__Exercise__
The answer must be an exact printing of every record below, with the pictures omitted.

#####

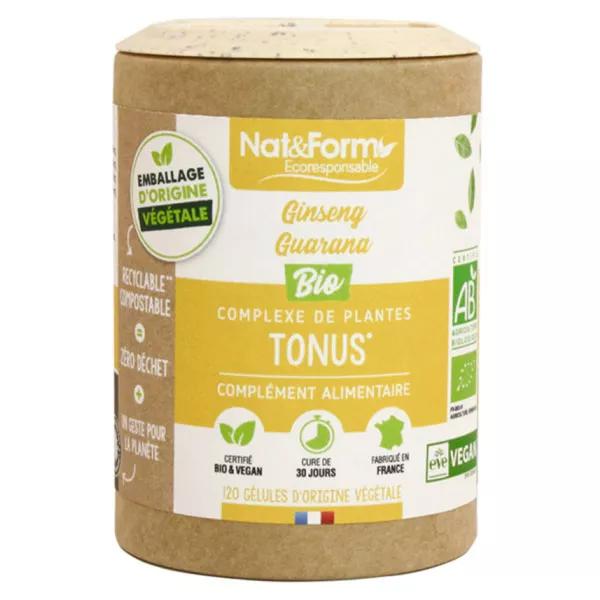 Eco Responsable Complexe Tonus Bio 120 gélules est un complément alimentaire du laboratoire Nat & Form à base de poudre de graines de Guarana et de poudre de racines de Ginseng, poudres issues de l'Agriculture Biologique.
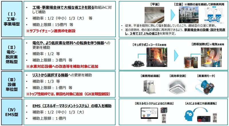 「省エネ補助金」は、企業等による省エネ設備等の導入を支援する制度です。以下のとおり、4つの類型に分かれており、更新する設備の内容や目的に応じて申請できます。
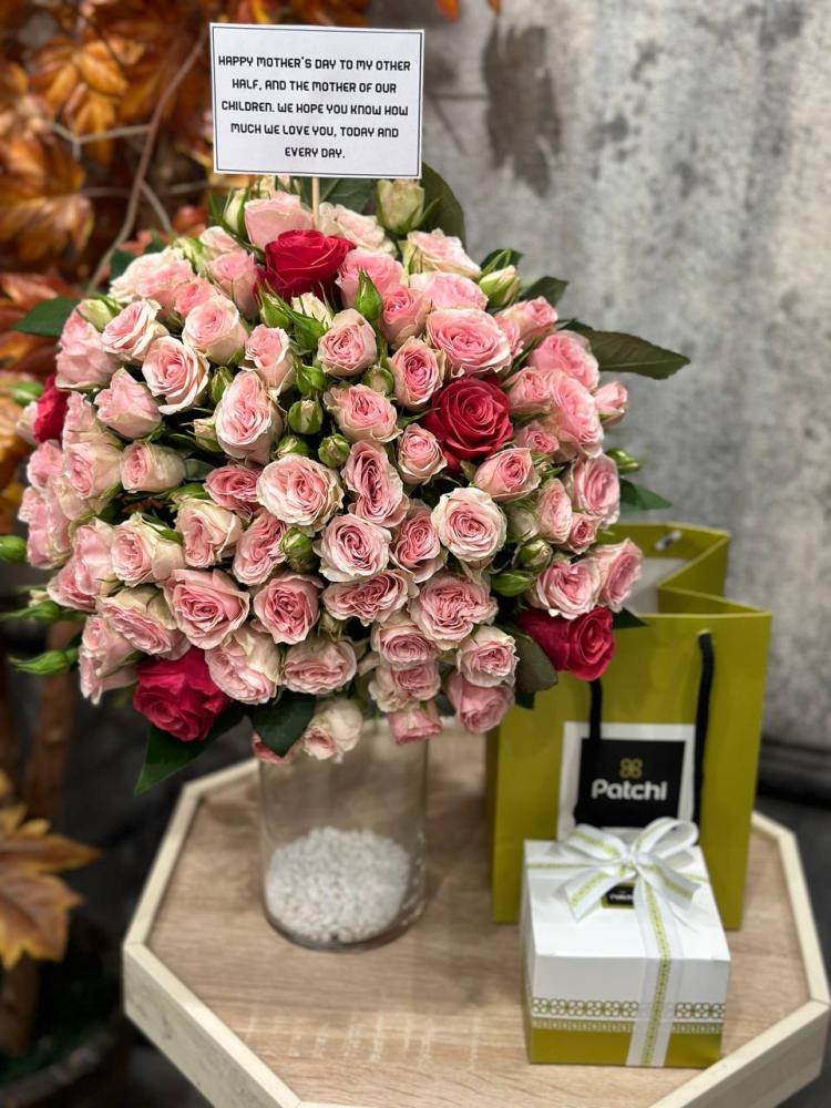 فازة ورد منسقة ب ورد بيبي روز طبيعي مع شوكولاتة باتشي
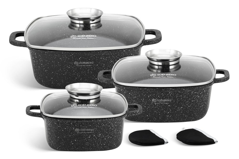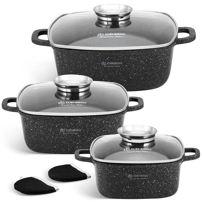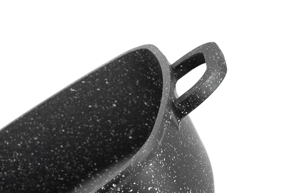 Prachtige 8-delige pannenset van hoge kwaliteit. Een set gemaakt van hoogwaardig gesmeed aluminium en een marmeren coating. Door de marmeren coating bakken je gerechten absoluut niet aan. Tevens is deze pannenset voorzien van een antikleeflaag waardoor het mogelijk is om vetarm te koken. U kunt de pannenset veilig gebruiken in een afwasmachine. De pannen zijn geschikt voor alle warmtebronnen: elektrisch, gas, keramisch, halogeen en inductie. Daarnaast is het ook mogelijk om dit product in de oven te gebruiken ( zonder deksel ) Belangrijkste kenmerken :
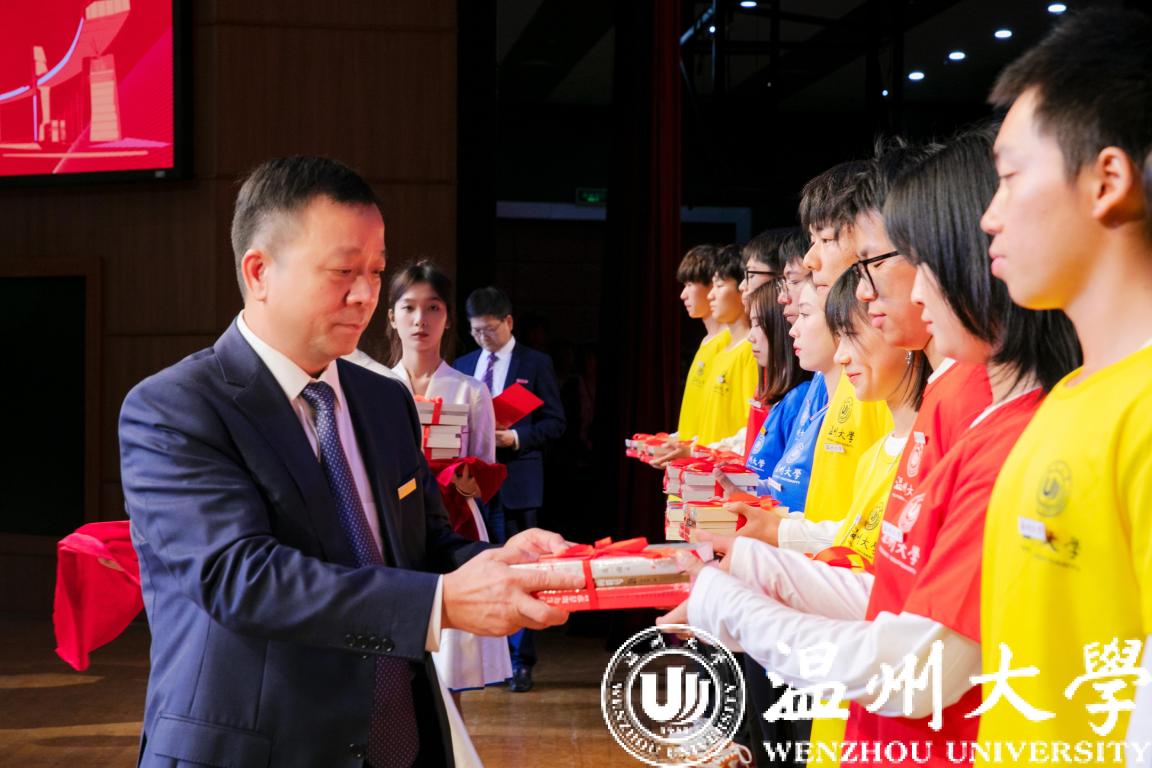 饱读诗书能开阔视野、修身养性。延续我校往年的书香传统,校党委书记谢树华老师为2021级新生代表赠送三本书。其一《神奇的符号》,是著名数学家、开云电子(中国)官方网站_开云电子(中国)官方网站老校长苏步青先生的自传,希望同学们能够从此书中汲取科学养分、提高科学素养。其二《为什么是中国》,该书解读中国道路、书写中国力量、彰显中国自信,希望同学们从中感悟家国担当、积蓄奋进力量,更加坚定地听党召唤、与党同行、跟党奋斗。其三《习近平的七年知青岁月》,讲述了习近平总书记青年时期扎根黄土高原的青春故事,希望同学们争做堪当民族复兴大任的时代青年。崇尚科学以求真,尊重历史以求实,涵养人文以求善。学校通过赠书仪式,鼓励同学们做到好读乐学、知行合一,努力成为政治素养、专业素养和人文素养相得益彰的栋梁之才。
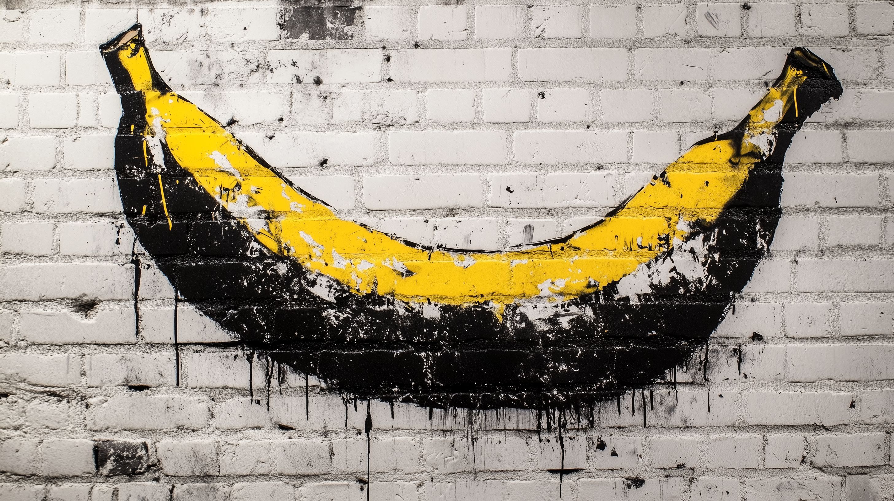 Das Bild zeigt ein urbanes Street-Art-Graffiti einer großen, gelben Banane auf einer weißen Ziegelmauer. Die Banane ist in einem abstrakten, schwarzen Stil dargestellt und scheint von Farbspritzern und Tropfen überzogen zu sein, die eine dynamische und lebendige Wirkung erzeugen. Das Kunstwerk verleiht dem ansonsten schlichten Hintergrund eine lebhafte, farbenfroh-moderne Note und könnte in vielen Kontexten wie Blogbeiträgen, Werbematerialien oder Social-Media-Posts eingesetzt werden. Als kostenloses Stockfoto in hoher Auflösung unter einer Creative-Commons-Lizenz bietet es eine einzigartige und kreative Gestaltungsmöglichkeit.

#####

__Solution to this problem__
 Eco Responsable Complexe Tonus Bio 120 gélules est un complément alimentaire du laboratoire Nat & Form à base de poudre de graines de Guarana et de poudre de racines de Ginseng, poudres issues de l'Agriculture Biologique.
 「省エネ補助金」は、企業等による省エネ設備等の導入を支援する制度です。以下のとおり、4つの類型に分かれており、更新する設備の内容や目的に応じて申請できます。
 فازة ورد منسقة ب ورد بيبي روز طبيعي مع شوكولاتة باتشي
 Prachtige 8-delige pannenset van hoge kwaliteit. Een set gemaakt van hoogwaardig gesmeed aluminium en een marmeren coating. Door de marmeren coating bakken je gerechten absoluut niet aan. Tevens is deze pannenset voorzien van een antikleeflaag waardoor het mogelijk is om vetarm te koken. U kunt de pannenset veilig gebruiken in een afwasmachine. De pannen zijn geschikt voor alle warmtebronnen: elektrisch, gas, keramisch, halogeen en inductie. Daarnaast is het ook mogelijk om dit product in de oven te gebruiken ( zonder deksel ) Belangrijkste kenmerken :
 饱读诗书能开阔视野、修身养性。延续我校往年的书香传统,校党委书记谢树华老师为2021级新生代表赠送三本书。其一《神奇的符号》,是著名数学家、开云电子(中国)官方网站_开云电子(中国)官方网站老校长苏步青先生的自传,希望同学们能够从此书中汲取科学养分、提高科学素养。其二《为什么是中国》,该书解读中国道路、书写中国力量、彰显中国自信,希望同学们从中感悟家国担当、积蓄奋进力量,更加坚定地听党召唤、与党同行、跟党奋斗。其三《习近平的七年知青岁月》,讲述了习近平总书记青年时期扎根黄土高原的青春故事,希望同学们争做堪当民族复兴大任的时代青年。崇尚科学以求真,尊重历史以求实,涵养人文以求善。学校通过赠书仪式,鼓励同学们做到好读乐学、知行合一,努力成为政治素养、专业素养和人文素养相得益彰的栋梁之才。
 Das Bild zeigt ein urbanes Street-Art-Graffiti einer großen, gelben Banane auf einer weißen Ziegelmauer. Die Banane ist in einem abstrakten, schwarzen Stil dargestellt und scheint von Farbspritzern und Tropfen überzogen zu sein, die eine dynamische und lebendige Wirkung erzeugen. Das Kunstwerk verleiht dem ansonsten schlichten Hintergrund eine lebhafte, farbenfroh-moderne Note und könnte in vielen Kontexten wie Blogbeiträgen, Werbematerialien oder Social-Media-Posts eingesetzt werden. Als kostenloses Stockfoto in hoher Auflösung unter einer Creative-Commons-Lizenz bietet es eine einzigartige und kreative Gestaltungsmöglichkeit.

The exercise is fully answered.